Тот день, который мы провели не вместе, мы никогда уже не проведем вместе, и то, что нам хотели сказать по телефону, когда нам звонили, а мы не сняли трубку, уже никогда не будет сказано теми же словами, и Наполнено тем же смыслом, все будет немножко другим или совсем другим, и это потому, что нам тогда не хватило смелости снять трубку.

Но даже если в тот день мы были вместе, или были дома в тот момент, когда телефон зазвонил, или решились снять трубку, побеждая собственный страх и несмотря на риск, – все равно: ничто уже не повторится, и, следовательно, наступит момент, когда будет все равно, были мы тогда вместе или нет, и решились ли мы снять трубку. События, казалось бы, незабываемые, и те со временем стираются из памяти, равно как и те, что проходят незамеченными или не происходят вовсе, и даже если мы захотим сохранить память об этих событиях и опишем их на бумаге или запишем их на магнитофон или на видео, окружим себя множеством материализованных воспоминаний и даже постараемся подменить само событие простой его констатацией, регистрацией и отправкой в архив, так что реальное событие превратится только в запись на бумаге, магнитофонной или видеопленке, и мы сможем воспроизводить его бесчисленное множество раз, то даже в этом случае мы теряем часть времени, за которое это событие произошло (хотя бы уже то время, что было потрачено на запись этого события), и когда мы пытаемся оживить, воспроизвести, вернуть прошлое, не дать ему стать прошлым, эти наши попытки совершаются в другое время, в котором, без сомнения, мы не будем вместе, не снимем телефонную трубку, ни на что не решимся, не сможем предотвратить ни одного преступления и ни одной смерти (хотя и не совершим преступления и никого не толкнем на преступление), это время будет протекать мимо нас, словно это не наше время, пока мы мучительно пытаемся остановить и вернуть давно прошедшее. Так что стирание границы между тем, что мы видим и слышим, и тем, чего мы не видим и не слышим, – это только вопрос времени, и вопрос того, существуем ли мы еще в этом мире.

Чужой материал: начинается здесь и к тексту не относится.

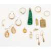 to include a channel set diamond ring, stamped 750, a pair of tassel yellow metal earrings stamped 750, a pair of hooped earrings stamped 9ct, a 9ct metal wedding band, a pendant marked 750; together with a collection of unmarked yellow metal jewellery, a pair of cameo earrings, and a hardstone pendant (qty)
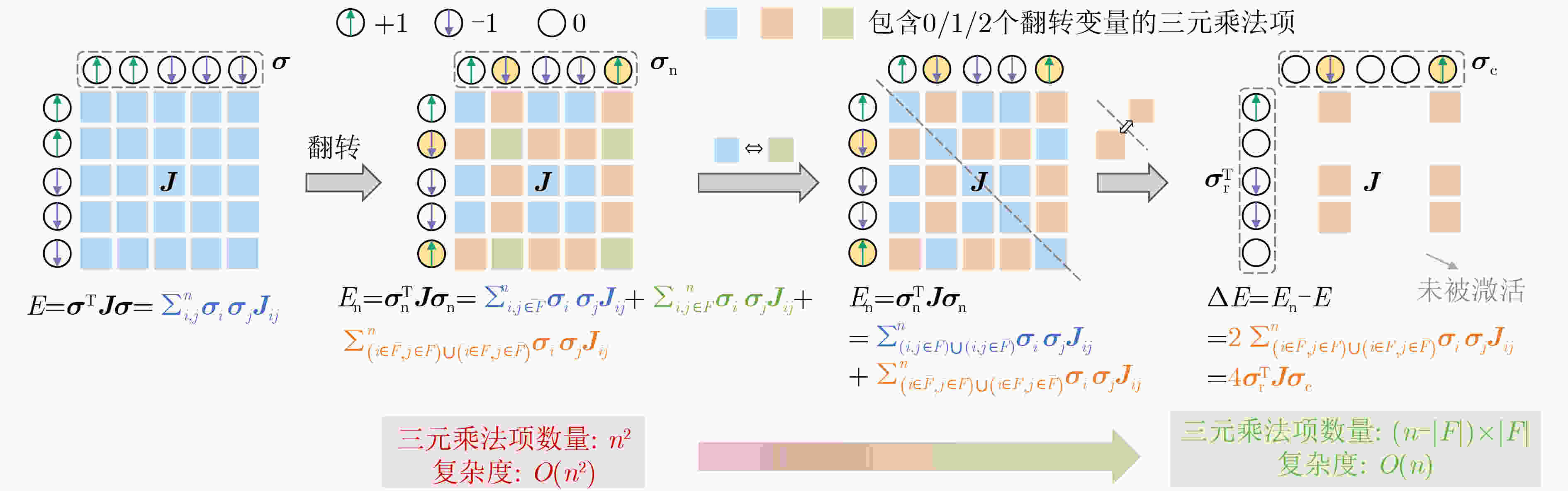 输入:QUBO矩阵$ \boldsymbol{Q} $ 输出:变量$ \boldsymbol{x} $ 1:Initialize $ T,\boldsymbol{x} $ // 初始化 2:$ E=f\left(\boldsymbol{x}\right) $ 3:while $ T\ge {T}_{\min} $ do 4: $ {\boldsymbol{x}}^{{'}}={\mathrm{flip}}\left(\boldsymbol{x}\right) $ // 生成新解 5: $ {E}^{{'}}=f\left({\boldsymbol{x}}^{{{'}}}\right) $ // 目标函数计算(迭代关键步骤) 6: if $ {E}^{{'}}\le E $ then 7: $ \boldsymbol{x}={\boldsymbol{x}}^{{{'}}},E={E}^{{'}} $ // 更新当前解 8: else 9: if $ {{\mathrm{e}}}^{-\frac{{E}^{{'}} - E}{T}} < {\mathrm{rand}}\left(\right) $ then // 根据Metropolis准则更新当前解 10: $ \boldsymbol{x}={\boldsymbol{x}}^{{{'}}},E={E}^{{'}} $ 11: $ T=T\times \eta $ // 温度下降 -
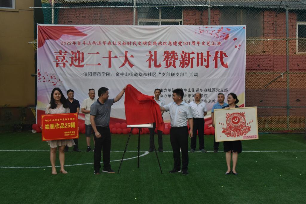 6月28日,公司与金牛山华森社区党支部在多米礼仪幼儿园联合开展“支部联支部”文艺进社区活动,举行了艺术作品捐赠仪式和“喜迎二十大礼赞新时代”庆祝建党101周年文艺汇演。公司党委组织部部长岳宗德、副部长赵晨、公司党委书记兰洋、副书记周刚、金牛山街道党工委书记涂延海、美术学员工第一党支部书记郑波、研究生党支部书记邹青宸、社区党支部成员及当地群众共同参加了本次活动。
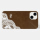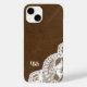 Den här utskriften ser ut som brunt läder och snöre för ett trendig, elegant och unikt mönster. Snöre-kanterna går upp på högerna grund, med initialer i ett snabbt skript till lämnat. Tryckningen simulerar läderutseendet och snöre, men det har inget läder, läder struktur eller snöre. Skriv in initialerna i avsnittet Anpassa.
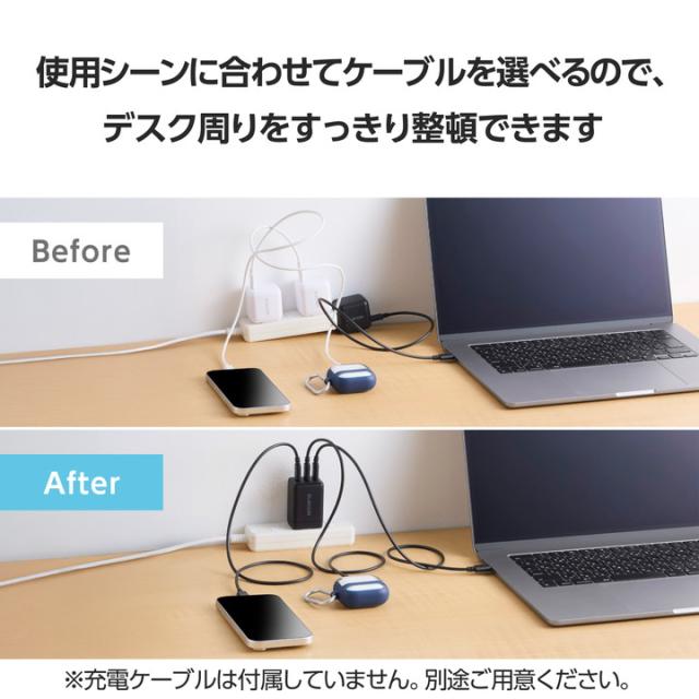 スマホ・ワイヤレスイヤホン・ノートパソコンを3台同時充電OK!USB Type-C(TM)×3ポートを搭載したAC充電器です。USB Power Delivery 67Wの高出力で幅広い機器をしっかり充電できます。
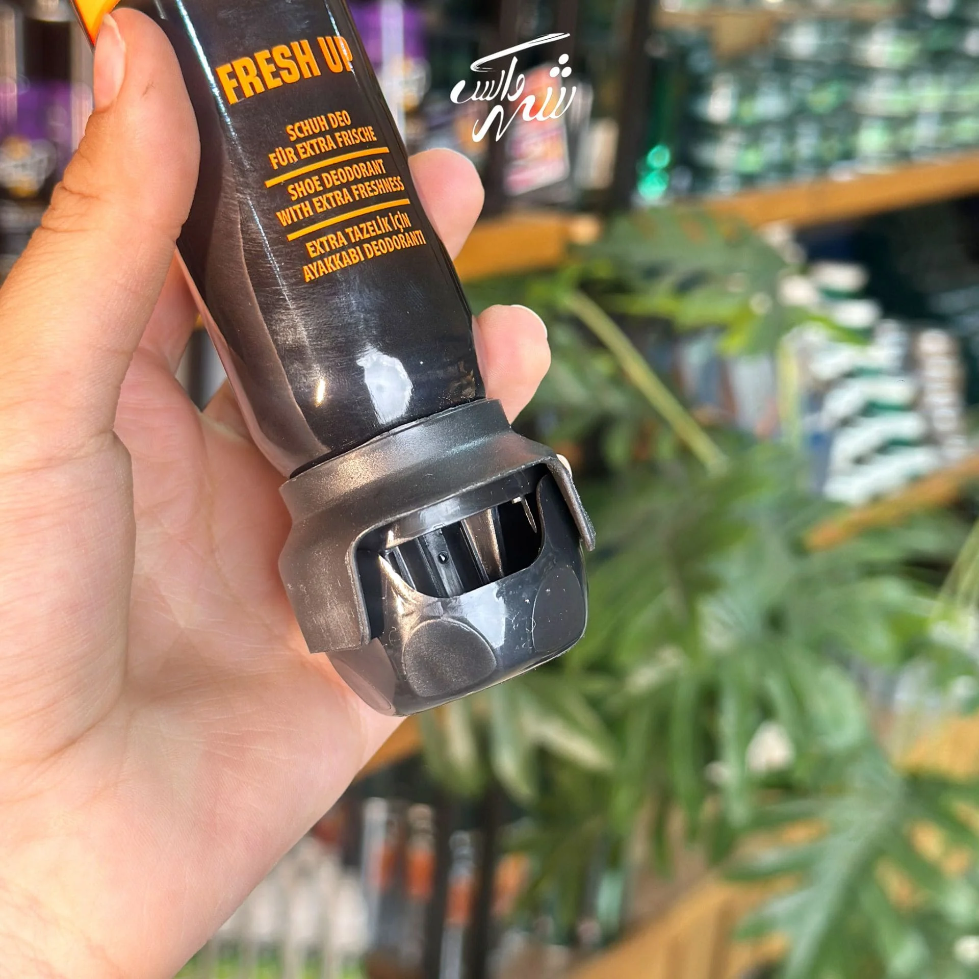 2️⃣ اسپری را درون کفش قرار داده و فشار دهید 🧴
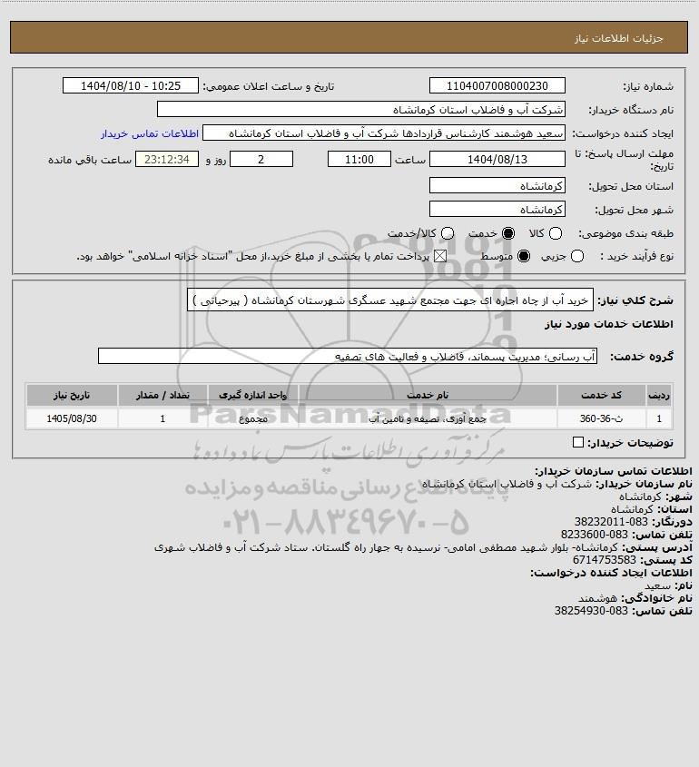 استعلام خرید آب از چاه اجاره ای جهت مجتمع شهید عسگری شهرستان کرمانشاه ( پیرحیاتی ), استعلام خرید آب از چاه اجاره ای جهت مجتمع شهید عسگری شهرستان کرمانشاه ( پیرحیاتی )

Несмотря на это, мы все время стремимся к тому, чтобы видеть, слышать, присутствовать и знать. Мы уверены, что все в нашей жизни зависит от того, проведем ли мы день вместе, снимем ли телефонную трубку, решимся ли, совершим ли преступление, станем ли виновниками чьей-нибудь смерти или узнаем, как кто-то умер. Иногда мне кажется, что все происходящее вокруг на самом деле не только видимость, потому что ни одно событие не является цельным, ничто не длится, не сохраняется и не вспоминается непрерывно, и все жизни, даже самые монотонные и скучные, уничтожают сами себя постоянным повторением одного и того же, пока все и вся не перестают быть такими, какими были. Колесо жизни приводится в движение теми, у кого нет памяти, кто слышит, видит и знает то, что не говорится, не происходит, что непознаваемо и недоказуемо. То, что происходит, идентично тому, что не происходит; то, что мы отвергаем, равносильно тому, что мы принимаем и чего мы добиваемся; то, что мы испытываем, равносильно тому, чего мы не испытываем, и, тем не менее, жизнь идет, и мы все время к чему-то стремимся, что-то выбираем, от чего-то отказываемся, пытаемся найти различия между этими равносильными действиями и создать свою неповторимую историю, которую мы сможем запомнить и рассказать.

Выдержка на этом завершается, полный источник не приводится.